Transient transfections and CAT assays were performed as previously described (13, 31, 34, 37, 53). Acetylation of chloramphenicol was quantified by PhosphorImager analysis. Data are presented as means of multiple trials.

Stable transformation of NIH 3T3 fibroblasts.

NIH 3T3 fibroblasts were transformed with 18 μg of LTR-CAT plasmid and 2 μg of pSV2neo as previously described (13). To minimize the effects of integration sites on LTR activity, G418-resistant clones were grown as pools. To minimize the possibility of single clones overgrowing the pools, they were used as soon as sufficient numbers of cells were obtained.

CAT assays, primer extension analysis, and nuclear run-on assays with stably transformed cells.

CAT assays and primer extension analysis were performed as previously described (13). Nuclear run-on assays were performed as previously described (13), with the following changes. Before ethanol precipitation, the radiolabeled RNA was briefly fragmented by incubation in 0.2 M NaOH at 0°C for 10 min as described by Laspia et al. (25). Samples were neutralized by the addition of 1 M HEPES-KOH (pH 7.5) to a final concentration of 0.25 M and then ethanol precipitated. CAT and β-actin DNA probes were single-stranded fragments cloned in an M13 bacteriophage vector (25). The 5′ and 3′ probes were fragments II and V, respectively, of Laspia et al. (25).

RESULTS

Secondary structure is important for the activity of the MuLV R region.

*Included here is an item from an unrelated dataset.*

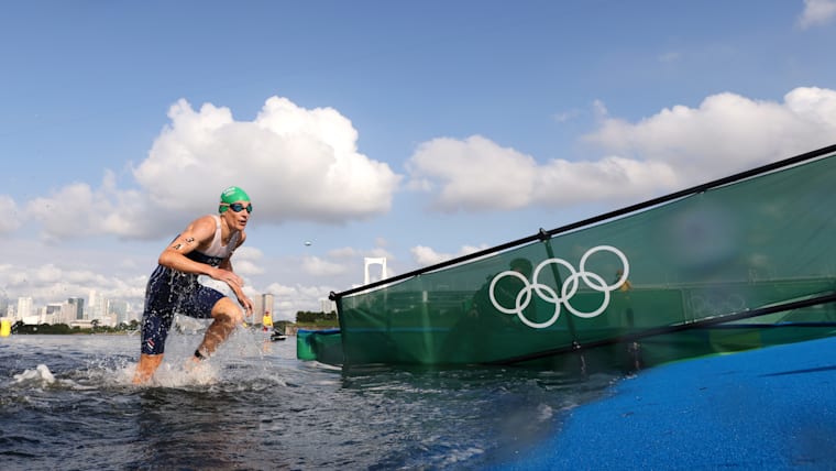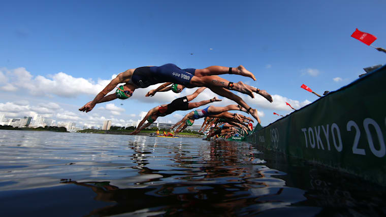 TOKYO, JAPAN - JULY 31: Summer Rappaport of Team United States and other competitors dive during the Mixed Relay Triathlon on day eight of the Tokyo 2020 Olympic Games at Odaiba Marine Park on July 31, 2021 in Tokyo, Japan. (Photo by Charly Triballeau - Pool/Getty Images)

To test whether secondary structure is important for the activity of the R region, mutations were introduced into the 5′ end of the R region of the LTR of the MuLV SL3. The first 28 nucleotides of the 68-nucleotide-long R region of SL3 were predicted to form the stem-loop structure shown in Fig. 1A (13). The existence of this stem-loop was supported by the conservation of the nucleotides involved in base pairing among MuLVs and related retroviruses of cats and primates (13). With the exception of two nucleotides in the loop, the nucleotides that were implicated in base pairing are the only ones that are conserved among these viruses (13). Sixteen nucleotides were predicted to base pair to form the stem, and eight nucleotides were predicted to be present in the loop (Fig. 1A). On the descending side of the stem, three nucleotides were predicted to form a bulge. It is unclear whether the G in the middle of the bulge would base pair with the single C in the bulge that is present on the ascending side of the stem (Fig. 1A). Double-stranded oligonucleotides containing mutations in various parts of this predicted structure (Fig. 1B) were synthesized and substituted into a plasmid containing the SL3 LTR linked to the CAT reporter gene (Fig. 1C).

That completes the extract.